UN General Assembly approves arms trade treaty. Source: AFP / East News
On 2 April, the UN General Assembly approved the world’s first universal international arms trade treaty defining the rules of the game on this $70 billion market. The official UN tally showed 154 votes in favour, including the US, out of 193 UN member-states, three against (Iran, Syria and DPRK) and 23 abstentions, including Russia, India and China.
The treaty covers all types of transaction involving conventional arms: export, import, leasing and transit, and envisages creation of registers of arms transactions in the signatory states.
The document also bans transfer of arms if the supplier has evidence that they will be used in acts of genocide or crimes against humanity, serious violations of the Geneva conventions, attacks on civilian facilities or civilians.
The document was, therefore, backed by the leading international human rights organisations, including Amnesty International. The countries that signed the treaty will have to send annual reports to the UN Secretariat on their compliance with it.

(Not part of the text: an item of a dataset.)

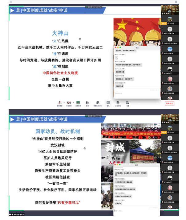老师们的讲课在学生中引发强烈共鸣,聊天框和自由互动反响热烈。桥梁1704班林栋平时安静内敛,在课堂互动环节他却主动为自己争取到发言的机会:“我爸爸是当地卫生计生综合监督执法局的一名普通党员……他已经连续奋战40多天,我很担心他,更为他骄傲。关键时刻冲得上去,危难关头豁得出来,我想这就是共产党人的党性。我们正是因为千千万万他们这样的人才被保护得很好……我也希望自己向爸爸学习,成为一名敢担当勇冲锋的共产党员。”同班同学曹宇佳打开视频发言时,眼眶中闪烁着泪水,他动情地说:“如果奇迹有颜色,我想那一定是中国红!”

Russia can respond to growing competition on world arms market
The document does not stipulate that arms should not be provided to militants and has vague provisions pertaining to humanitarian issues, which may later result in multiple interpretations, including unscrupulous ones, Russia’s Ambassador to the United Nations Vitaly Churkin said when explaining Moscow’s stance in his speech at the General Assembly. Syria, Indonesia and Nicaragua also mentioned the danger of arms transfers to militants.
Ahead of approval of the document, Mikhail Ulyanov at the Russian Foreign Ministry called the treaty “a weak, carelessly formulated document” that requires finalisation.
“We suggested taking things slowly and refraining from approving or recommending an inadequately though-out text. Instead of approving it, the General Assembly could have reported that certain progress had been achieved but talks were still under way, and the mandate of the conference needed to be extended for two or three weeks, for it to reconvene in November or December and continue its work”, he said.
The head of the Russian delegation, Vitaly Churkin, made a similar statement before the treaty was put to the vote. He explained that there were many inaccuracies in the document. Specifically, Churkin noted that the treaty failed to describe “clear humanitarian criteria for assessing the risks, which can be treated ambiguously by some nations for political reasons.”
In order for the treaty to come into effect, it must be ratified by 50 nations.
Vedomosti quotes Sergei Denisentsev, an expert at the Centre for Analysis of Strategies and Technologies, who says that approval of the treaty does not mean that large arms exporters and importers will ratify it any time soon or, indeed, at all.
One member of the treaty-drafting conference, Vadim Kozyulin, Director of the Conventional Arms Programme at the Russian Political Studies Centre, believes that the 154 votes in support of the treaty indicated that the document would eventually be ratified. The only question is whether the major suppliers will ratify it as well.
The expert said that Washington, too, has doubts as to whether the treaty is indispensable. The powerful US arms lobby opposes the treaty.
According to Kozyulin, the document bans arms exports to regions with reported incidents of serious human rights violations. The same principle is part of the US arms export legislation. Yet this has never prevented Washington from delivering arms to Iraq and Afghanistan, despite the fact that the international community pointed to the mass violations of human rights there.
Kozyulin said it was a ‘tricky wording’ that would entitle some nations to demand that Washington stop supplying arms to its allies in some situation. Nevertheless, the US has no objections to the treaty.
The expert said that, should major arms suppliers ratify the document, it would affect the situation in Syria, because “a platform is being established in the UN” for discussing the humanitarian aspect of arms supplies, both to the Syrian government and militants.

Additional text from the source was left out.